• Data for this task:
★ ★ ★
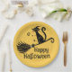 Schwarze Hexenkatze auf Broomstick Halloween Pappteller
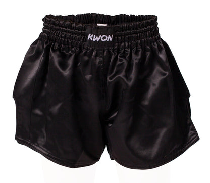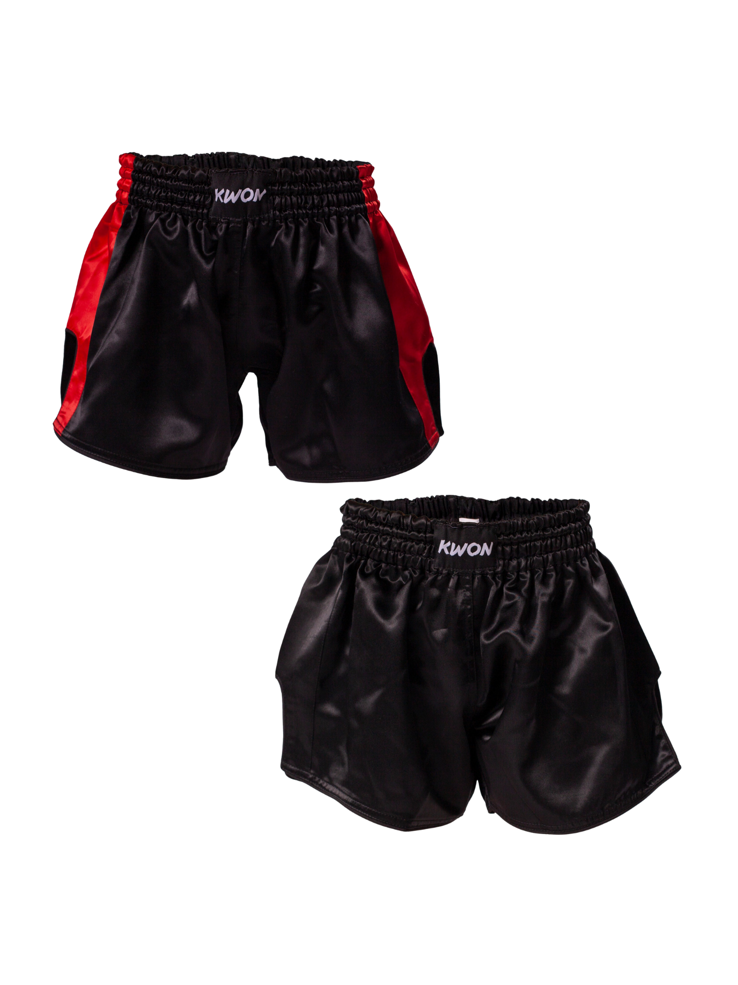 Made of shiny 100% polyester material with colored side stripes and side slits. Great shorts at a reasonable price! Available in Black w/ red stripes or solid Black.
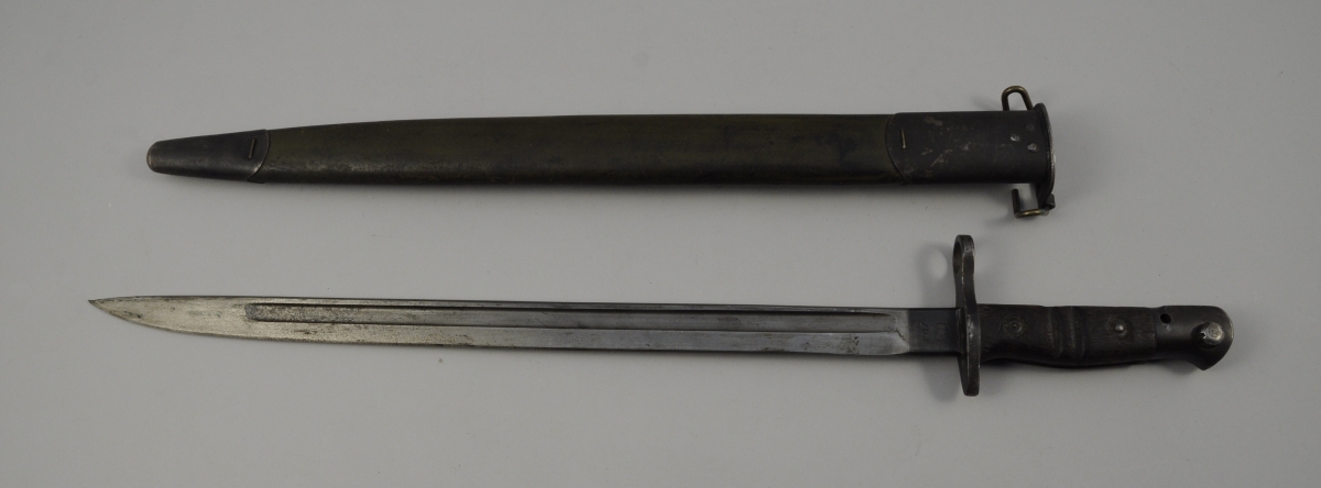 ÉTATS-UNIS D'AMÉRIQUE. BAÏONNETTE REMINGTON modèle 1917. Monture en métal noirci et fusée à plaquettes de bois. Lame droite à dos arrondi et large gorge marquée au talon "1917 Remington", "US"et frappée de la tête d'aigle, de la grenade et du chiffre 20. Fourreau en cuir vert kaki à deux garnitures en métal noirci. La bouterolle marquée "GF".
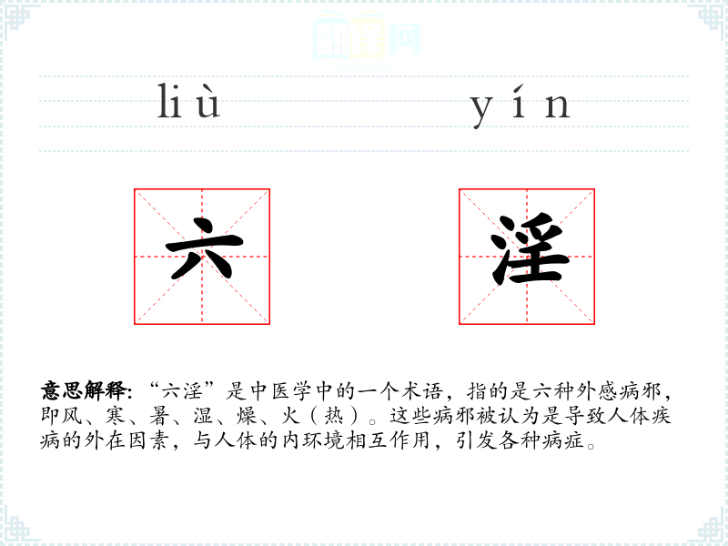“六淫”是中医学中的一个术语,指的是六种外感病邪,即风、寒、暑、湿、燥、火(热)。这些病邪被认为是导致人体疾病的外在因素,与人体的内环境相互作用,引发各种病症。
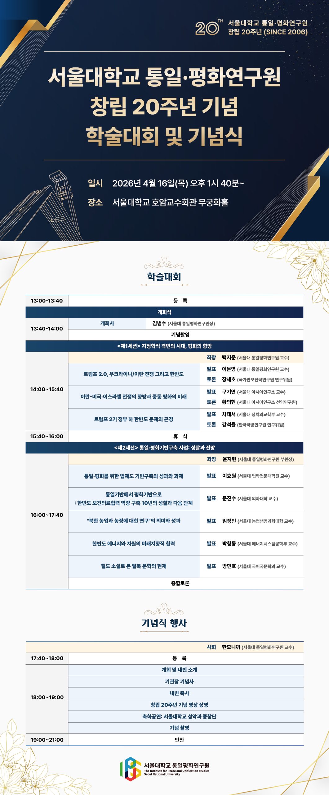 서울대학교 아시아연구소 서아시아센터의 구기연 교수와 황의현 선임연구원이 서울대학교 통일·평화연구원 창립 20주년 기념 학술대회에 각각 발표자와 토론자로 참여합니다. 주제는 ‘이란·미국·이스라엘 전쟁의 향방과 중동 평화의 미래’입니다.
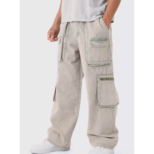 กางเกงคาร์โก้สีพื้นผู้ชาย 2025 กางเกงหลายกระเป๋าสำหรับกิจกรรมกลางแจ้ง กางเกงทำงานผู้ชายขายส่ง
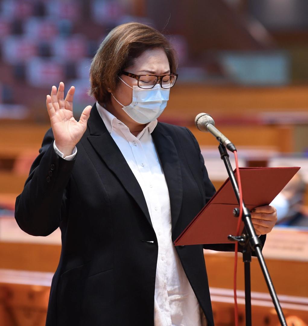 Christina Liew taking her oath as Api Api State Assemblywoman at the swearing-in ceremony of elected representatives at the State Legislative Assembly building on Friday. -Photo by Bernama
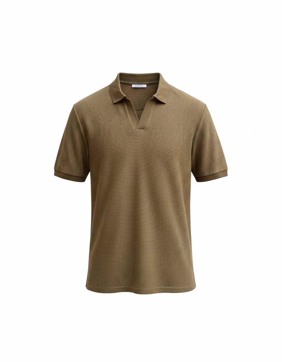 Add effortless texture to your everyday style with Caparison’s Olive Green Jacquard V-Neck Polo Shirt. Crafted from 100% cotton with fine jacquard knit detailing, this shirt features a modern V-neckline and structured fit for all-day ease. The olive tone adds a subtle earthy boldness  ideal for both relaxed and elevated looks.
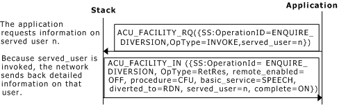To query the network for status information, the application sends an acu_ss_enquire_divert_invoke extended data structure to the stack in an ACU request message, using the ACU_MGMT_SAPI.
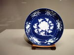 瑠璃地白花牡丹文 盤。景徳鎮窯。このような美しい瑠璃色を発色しているものも |
★ ★ ★
• Exercise aim: Please output the lines from the line that holds "Made of shiny" through the final line of the material above, both included. Each line must match exactly, and pictures must be excluded.

• Reply:
 Made of shiny 100% polyester material with colored side stripes and side slits. Great shorts at a reasonable price! Available in Black w/ red stripes or solid Black.
 ÉTATS-UNIS D'AMÉRIQUE. BAÏONNETTE REMINGTON modèle 1917. Monture en métal noirci et fusée à plaquettes de bois. Lame droite à dos arrondi et large gorge marquée au talon "1917 Remington", "US"et frappée de la tête d'aigle, de la grenade et du chiffre 20. Fourreau en cuir vert kaki à deux garnitures en métal noirci. La bouterolle marquée "GF".
“六淫”是中医学中的一个术语,指的是六种外感病邪,即风、寒、暑、湿、燥、火(热)。这些病邪被认为是导致人体疾病的外在因素,与人体的内环境相互作用,引发各种病症。
 서울대학교 아시아연구소 서아시아센터의 구기연 교수와 황의현 선임연구원이 서울대학교 통일·평화연구원 창립 20주년 기념 학술대회에 각각 발표자와 토론자로 참여합니다. 주제는 ‘이란·미국·이스라엘 전쟁의 향방과 중동 평화의 미래’입니다.
 กางเกงคาร์โก้สีพื้นผู้ชาย 2025 กางเกงหลายกระเป๋าสำหรับกิจกรรมกลางแจ้ง กางเกงทำงานผู้ชายขายส่ง
 Christina Liew taking her oath as Api Api State Assemblywoman at the swearing-in ceremony of elected representatives at the State Legislative Assembly building on Friday. -Photo by Bernama
 Add effortless texture to your everyday style with Caparison’s Olive Green Jacquard V-Neck Polo Shirt. Crafted from 100% cotton with fine jacquard knit detailing, this shirt features a modern V-neckline and structured fit for all-day ease. The olive tone adds a subtle earthy boldness  ideal for both relaxed and elevated looks.
To query the network for status information, the application sends an acu_ss_enquire_divert_invoke extended data structure to the stack in an ACU request message, using the ACU_MGMT_SAPI.
 瑠璃地白花牡丹文 盤。景徳鎮窯。このような美しい瑠璃色を発色しているものも |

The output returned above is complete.